┌─ Source material
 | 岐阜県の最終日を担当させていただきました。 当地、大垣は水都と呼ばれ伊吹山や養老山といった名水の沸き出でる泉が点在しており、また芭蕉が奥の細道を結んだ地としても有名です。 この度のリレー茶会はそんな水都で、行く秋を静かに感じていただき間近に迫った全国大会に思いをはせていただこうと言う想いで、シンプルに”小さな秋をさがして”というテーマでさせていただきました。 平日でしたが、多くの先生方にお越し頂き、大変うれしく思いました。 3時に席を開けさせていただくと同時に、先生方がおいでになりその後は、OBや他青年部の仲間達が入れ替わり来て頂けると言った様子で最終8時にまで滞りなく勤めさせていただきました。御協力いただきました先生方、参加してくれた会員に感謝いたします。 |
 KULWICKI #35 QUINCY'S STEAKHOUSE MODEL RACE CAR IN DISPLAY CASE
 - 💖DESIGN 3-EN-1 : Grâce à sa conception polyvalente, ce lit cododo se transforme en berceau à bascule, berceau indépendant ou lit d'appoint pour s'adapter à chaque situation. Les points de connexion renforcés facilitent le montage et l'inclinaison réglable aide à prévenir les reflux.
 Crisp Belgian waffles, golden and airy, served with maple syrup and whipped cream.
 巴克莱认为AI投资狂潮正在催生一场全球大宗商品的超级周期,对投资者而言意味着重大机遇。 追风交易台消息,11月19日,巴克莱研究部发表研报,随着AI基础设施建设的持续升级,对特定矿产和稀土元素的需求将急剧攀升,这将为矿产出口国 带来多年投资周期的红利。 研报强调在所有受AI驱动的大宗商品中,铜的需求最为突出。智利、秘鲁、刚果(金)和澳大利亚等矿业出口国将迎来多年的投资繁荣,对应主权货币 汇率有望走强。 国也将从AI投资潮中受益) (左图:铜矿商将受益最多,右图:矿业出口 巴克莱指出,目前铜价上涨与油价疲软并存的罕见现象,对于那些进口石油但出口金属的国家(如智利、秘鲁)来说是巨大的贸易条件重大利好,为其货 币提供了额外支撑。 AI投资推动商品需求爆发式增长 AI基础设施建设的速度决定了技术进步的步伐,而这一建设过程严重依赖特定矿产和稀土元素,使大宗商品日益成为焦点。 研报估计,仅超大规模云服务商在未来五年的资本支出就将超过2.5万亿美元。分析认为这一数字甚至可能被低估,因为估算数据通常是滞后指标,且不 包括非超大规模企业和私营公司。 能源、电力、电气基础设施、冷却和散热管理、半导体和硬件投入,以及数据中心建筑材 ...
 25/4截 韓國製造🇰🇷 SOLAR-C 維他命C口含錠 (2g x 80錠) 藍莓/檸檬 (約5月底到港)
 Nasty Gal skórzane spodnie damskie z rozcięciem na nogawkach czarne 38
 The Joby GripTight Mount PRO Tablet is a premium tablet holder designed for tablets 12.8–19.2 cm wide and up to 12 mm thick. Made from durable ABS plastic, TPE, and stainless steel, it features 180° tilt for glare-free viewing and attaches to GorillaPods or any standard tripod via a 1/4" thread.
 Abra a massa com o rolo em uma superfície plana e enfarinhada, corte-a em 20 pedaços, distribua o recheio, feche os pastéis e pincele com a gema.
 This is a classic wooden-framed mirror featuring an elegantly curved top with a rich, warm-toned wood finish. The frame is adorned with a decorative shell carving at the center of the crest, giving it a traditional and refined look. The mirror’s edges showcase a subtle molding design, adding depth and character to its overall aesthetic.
└─
§ **Work item**
Where the line containing "- 💖DESIGN 3-EN-1" appears in the data above, begin there and reproduce every line to the end exactly; include nothing else.

§ **Answer to this problem**
 - 💖DESIGN 3-EN-1 : Grâce à sa conception polyvalente, ce lit cododo se transforme en berceau à bascule, berceau indépendant ou lit d'appoint pour s'adapter à chaque situation. Les points de connexion renforcés facilitent le montage et l'inclinaison réglable aide à prévenir les reflux.
 Crisp Belgian waffles, golden and airy, served with maple syrup and whipped cream.
 巴克莱认为AI投资狂潮正在催生一场全球大宗商品的超级周期,对投资者而言意味着重大机遇。 追风交易台消息,11月19日,巴克莱研究部发表研报,随着AI基础设施建设的持续升级,对特定矿产和稀土元素的需求将急剧攀升,这将为矿产出口国 带来多年投资周期的红利。 研报强调在所有受AI驱动的大宗商品中,铜的需求最为突出。智利、秘鲁、刚果(金)和澳大利亚等矿业出口国将迎来多年的投资繁荣,对应主权货币 汇率有望走强。 国也将从AI投资潮中受益) (左图:铜矿商将受益最多,右图:矿业出口 巴克莱指出,目前铜价上涨与油价疲软并存的罕见现象,对于那些进口石油但出口金属的国家(如智利、秘鲁)来说是巨大的贸易条件重大利好,为其货 币提供了额外支撑。 AI投资推动商品需求爆发式增长 AI基础设施建设的速度决定了技术进步的步伐,而这一建设过程严重依赖特定矿产和稀土元素,使大宗商品日益成为焦点。 研报估计,仅超大规模云服务商在未来五年的资本支出就将超过2.5万亿美元。分析认为这一数字甚至可能被低估,因为估算数据通常是滞后指标,且不 包括非超大规模企业和私营公司。 能源、电力、电气基础设施、冷却和散热管理、半导体和硬件投入,以及数据中心建筑材 ...
 25/4截 韓國製造🇰🇷 SOLAR-C 維他命C口含錠 (2g x 80錠) 藍莓/檸檬 (約5月底到港)
 Nasty Gal skórzane spodnie damskie z rozcięciem na nogawkach czarne 38
 The Joby GripTight Mount PRO Tablet is a premium tablet holder designed for tablets 12.8–19.2 cm wide and up to 12 mm thick. Made from durable ABS plastic, TPE, and stainless steel, it features 180° tilt for glare-free viewing and attaches to GorillaPods or any standard tripod via a 1/4" thread.
 Abra a massa com o rolo em uma superfície plana e enfarinhada, corte-a em 20 pedaços, distribua o recheio, feche os pastéis e pincele com a gema.
 This is a classic wooden-framed mirror featuring an elegantly curved top with a rich, warm-toned wood finish. The frame is adorned with a decorative shell carving at the center of the crest, giving it a traditional and refined look. The mirror’s edges showcase a subtle molding design, adding depth and character to its overall aesthetic.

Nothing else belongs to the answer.